Since then, he has had three short-lived relationships. “I didn’t tell my first girlfriend,” he says.

‘I pretended, but the relationship eventually fell apart.’ His subsequent relationships followed a similar pattern.

“I’ve told a friend,” he says, “but sex is really hard to fake when you’re completely asexual. It’s almost like being an actor. I’m nearly 40, and my siblings and cousins ​​have all had kids and ended up in long-term relationships. It’s caused me absolute chaos.”

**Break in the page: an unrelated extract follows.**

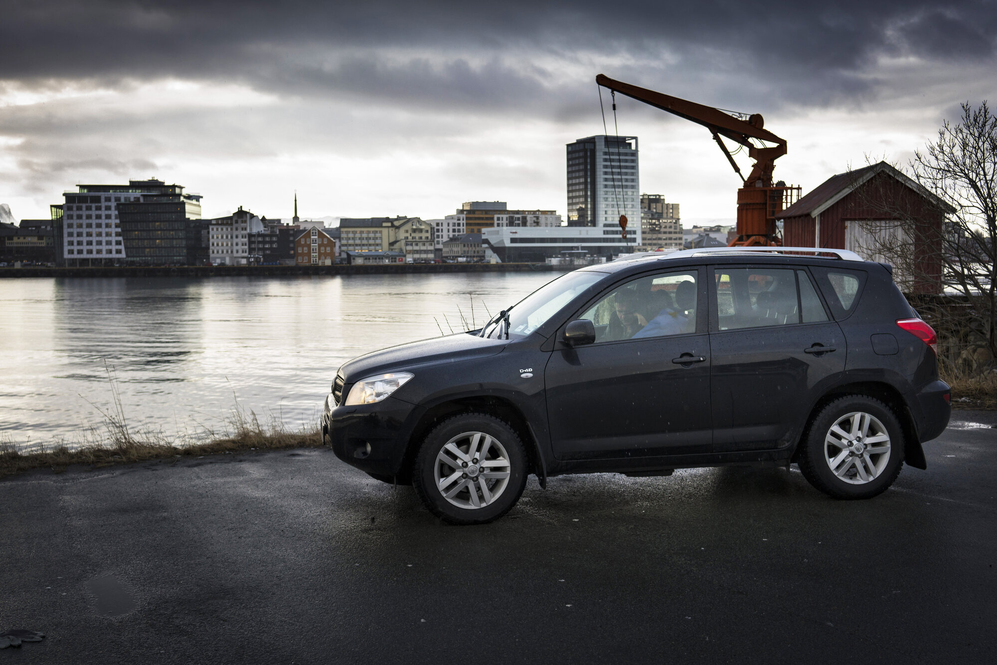 Så går turen ut på trafikkert vei til Burøya hvor sildoljefabrikken ligger. Bodøs tidligere hjørnesteinsbedrift. Det gires opp og bilen hopper.

There is now an international support group for patients called the PSSD Network (pssdnetwork.org), which has helped Whaley. A year ago, the site had 7,000 monthly visits; now it’s 50,000. “I’ve met people who describe the exact same experience,” Whaley says. “There’s a lot of desperation among people on the PSSD Network.”

He knows that there are those who argue that talking about PSSD is irresponsible because it could scare off people who need the drugs for their mental health. But he is adamant that in an era where SSRI prescriptions continue to rise (between 2015 and 2021, antidepressant prescriptions for children aged five to 12 grew by 40 percent), we need to know the full facts, all the side effects and long-term risks.

There have been multiple suicides within the PSSD network, including two last month. “Maybe my own case is serious, but I’ve met so many people in my normal life who said their sexual desires have never been the same since they started taking antidepressants,” Whaley says.

That’s why he’s speaking out now — despite the shame that comes with the issue. “I feel like it’s my duty to show what can happen,” he says. “I’ve had it for so long and it’s not getting better. I don’t feel like I have much to lose.”